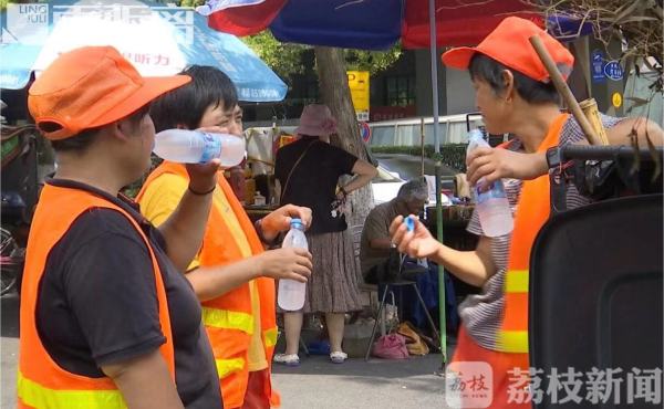 环卫工龚女士说:“大家都知道补给站,同事们都来拿水喝。”
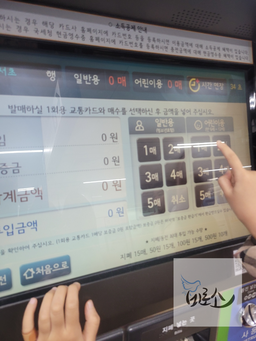 도착할 역의 이름과 구매할 티켓의 종류와 수량을 모두 입력하면 결제해야 할 금액이 나온다. 이 때, 티켓 한 장당 500원의 보증금이 있기 때문에 티켓 가격에 비하여 금액이 더 나오게 되니 당황하지 말아야 한다. 도착한 역에 내려서 티켓을 넣으면 보증금 500원을 돌려 받을 수 있으므로 잊지 말도록 한다.
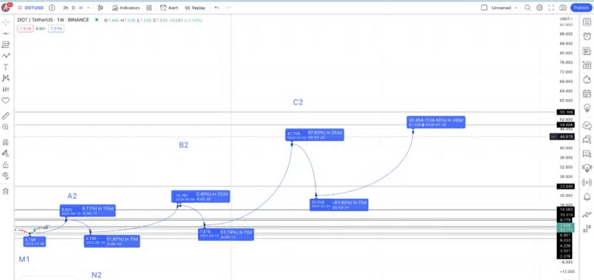 이러한 예측은 단기적이지만 DOT의 주별 가격 차트를 확인하여 장기적인 가격 움직임을 추적하고 명확한 패턴을 식별할 수 있다.
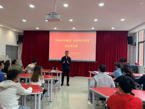 为从党的百年伟大奋斗历程中汲取继续前进的智慧和力量,深入学习贯彻习近平新时代中国特色社会主义思想,巩固深化“不忘初心、牢记使命”主题教育成果,全面开展党史学习教育,激励全院师生满怀信心迈进全面建设社会主义现代化国家新征程。学院党委围绕立德树人的根本任务,结合学院“四轮驱动”工程,充分发挥党员的引领、示范和带头作用,坚持以讲促学、以知促行,决定举办“传承红色基因、牢记初心使命”微党课比赛。6月28日下午,“传承红色基因、牢记初心使命”微党课比赛决赛在学院“党员之家”举行,比赛由物理与电子信息学院党委书记王世波同志、团委书记陈阁同志、教工党支部蔡武德同志、教工党支部王静同志担任评委,组织员梁烨同志担任主持。
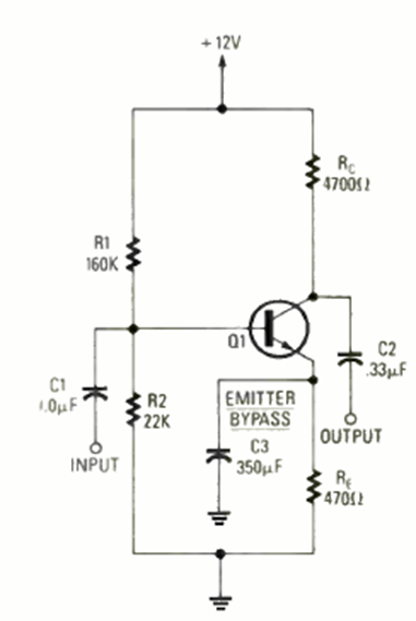 The figure shows how to increase the gain of the amplifier stage of the previous circuit. The transistor is general purpose, and the coupling is capacitive for AC amplification.
====================
**ASSIGNED TASK**
Output the listing above in full, exactly. No images.

**EXERCISE RESPONSE**
 环卫工龚女士说:“大家都知道补给站,同事们都来拿水喝。”
 도착할 역의 이름과 구매할 티켓의 종류와 수량을 모두 입력하면 결제해야 할 금액이 나온다. 이 때, 티켓 한 장당 500원의 보증금이 있기 때문에 티켓 가격에 비하여 금액이 더 나오게 되니 당황하지 말아야 한다. 도착한 역에 내려서 티켓을 넣으면 보증금 500원을 돌려 받을 수 있으므로 잊지 말도록 한다.
 이러한 예측은 단기적이지만 DOT의 주별 가격 차트를 확인하여 장기적인 가격 움직임을 추적하고 명확한 패턴을 식별할 수 있다.
 为从党的百年伟大奋斗历程中汲取继续前进的智慧和力量,深入学习贯彻习近平新时代中国特色社会主义思想,巩固深化“不忘初心、牢记使命”主题教育成果,全面开展党史学习教育,激励全院师生满怀信心迈进全面建设社会主义现代化国家新征程。学院党委围绕立德树人的根本任务,结合学院“四轮驱动”工程,充分发挥党员的引领、示范和带头作用,坚持以讲促学、以知促行,决定举办“传承红色基因、牢记初心使命”微党课比赛。6月28日下午,“传承红色基因、牢记初心使命”微党课比赛决赛在学院“党员之家”举行,比赛由物理与电子信息学院党委书记王世波同志、团委书记陈阁同志、教工党支部蔡武德同志、教工党支部王静同志担任评委,组织员梁烨同志担任主持。
 The figure shows how to increase the gain of the amplifier stage of the previous circuit. The transistor is general purpose, and the coupling is capacitive for AC amplification.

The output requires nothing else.